### Assignment
The material below contains a line with "后勤基建部第十六周(2025" and a line with "发表论文《互联网+环境下小学美术教学方式的多元改变》". Copy exactly those two lines and all lines between them.

### Task input
● ● ● ● ● ● ●

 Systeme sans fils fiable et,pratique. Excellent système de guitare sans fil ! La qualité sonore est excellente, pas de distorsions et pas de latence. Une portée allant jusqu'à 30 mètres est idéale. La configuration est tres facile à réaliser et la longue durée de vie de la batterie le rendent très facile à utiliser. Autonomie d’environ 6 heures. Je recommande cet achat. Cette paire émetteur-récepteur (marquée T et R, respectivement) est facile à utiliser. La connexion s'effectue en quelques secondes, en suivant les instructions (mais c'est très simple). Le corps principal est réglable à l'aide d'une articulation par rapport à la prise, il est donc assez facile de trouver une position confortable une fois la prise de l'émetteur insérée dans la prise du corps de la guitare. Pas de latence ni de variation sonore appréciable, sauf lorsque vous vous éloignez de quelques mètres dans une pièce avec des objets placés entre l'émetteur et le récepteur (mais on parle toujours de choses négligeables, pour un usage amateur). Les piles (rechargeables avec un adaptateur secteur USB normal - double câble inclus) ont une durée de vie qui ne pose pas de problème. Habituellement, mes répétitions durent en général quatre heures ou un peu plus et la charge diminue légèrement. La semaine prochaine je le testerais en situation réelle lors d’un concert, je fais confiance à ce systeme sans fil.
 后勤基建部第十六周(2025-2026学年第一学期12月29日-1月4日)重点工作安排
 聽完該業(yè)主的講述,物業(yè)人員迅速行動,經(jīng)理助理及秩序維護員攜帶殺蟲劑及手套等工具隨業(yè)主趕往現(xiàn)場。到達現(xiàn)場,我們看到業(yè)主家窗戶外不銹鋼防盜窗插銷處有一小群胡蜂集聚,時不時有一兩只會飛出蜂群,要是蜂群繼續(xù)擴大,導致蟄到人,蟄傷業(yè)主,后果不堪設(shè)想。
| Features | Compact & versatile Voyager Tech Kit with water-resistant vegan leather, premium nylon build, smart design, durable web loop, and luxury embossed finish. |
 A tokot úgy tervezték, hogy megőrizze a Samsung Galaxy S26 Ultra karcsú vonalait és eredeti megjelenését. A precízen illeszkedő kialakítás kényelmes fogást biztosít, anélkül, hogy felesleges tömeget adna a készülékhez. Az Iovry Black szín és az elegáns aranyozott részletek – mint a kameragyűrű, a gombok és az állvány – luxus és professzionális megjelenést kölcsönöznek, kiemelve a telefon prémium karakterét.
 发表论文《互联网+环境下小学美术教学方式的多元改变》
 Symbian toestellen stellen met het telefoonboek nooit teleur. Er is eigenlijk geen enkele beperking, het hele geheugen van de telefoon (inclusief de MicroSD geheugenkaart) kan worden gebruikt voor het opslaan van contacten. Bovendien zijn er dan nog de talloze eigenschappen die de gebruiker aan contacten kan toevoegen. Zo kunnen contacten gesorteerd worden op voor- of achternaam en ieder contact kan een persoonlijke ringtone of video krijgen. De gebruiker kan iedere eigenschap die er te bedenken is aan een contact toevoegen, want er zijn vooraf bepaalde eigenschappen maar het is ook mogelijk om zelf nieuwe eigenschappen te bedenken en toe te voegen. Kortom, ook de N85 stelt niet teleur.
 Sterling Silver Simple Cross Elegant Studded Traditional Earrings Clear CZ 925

● ● ● ● ● ● ●

### Response area
 后勤基建部第十六周(2025-2026学年第一学期12月29日-1月4日)重点工作安排
 聽完該業(yè)主的講述,物業(yè)人員迅速行動,經(jīng)理助理及秩序維護員攜帶殺蟲劑及手套等工具隨業(yè)主趕往現(xiàn)場。到達現(xiàn)場,我們看到業(yè)主家窗戶外不銹鋼防盜窗插銷處有一小群胡蜂集聚,時不時有一兩只會飛出蜂群,要是蜂群繼續(xù)擴大,導致蟄到人,蟄傷業(yè)主,后果不堪設(shè)想。
| Features | Compact & versatile Voyager Tech Kit with water-resistant vegan leather, premium nylon build, smart design, durable web loop, and luxury embossed finish. |
 A tokot úgy tervezték, hogy megőrizze a Samsung Galaxy S26 Ultra karcsú vonalait és eredeti megjelenését. A precízen illeszkedő kialakítás kényelmes fogást biztosít, anélkül, hogy felesleges tömeget adna a készülékhez. Az Iovry Black szín és az elegáns aranyozott részletek – mint a kameragyűrű, a gombok és az állvány – luxus és professzionális megjelenést kölcsönöznek, kiemelve a telefon prémium karakterét.
 发表论文《互联网+环境下小学美术教学方式的多元改变》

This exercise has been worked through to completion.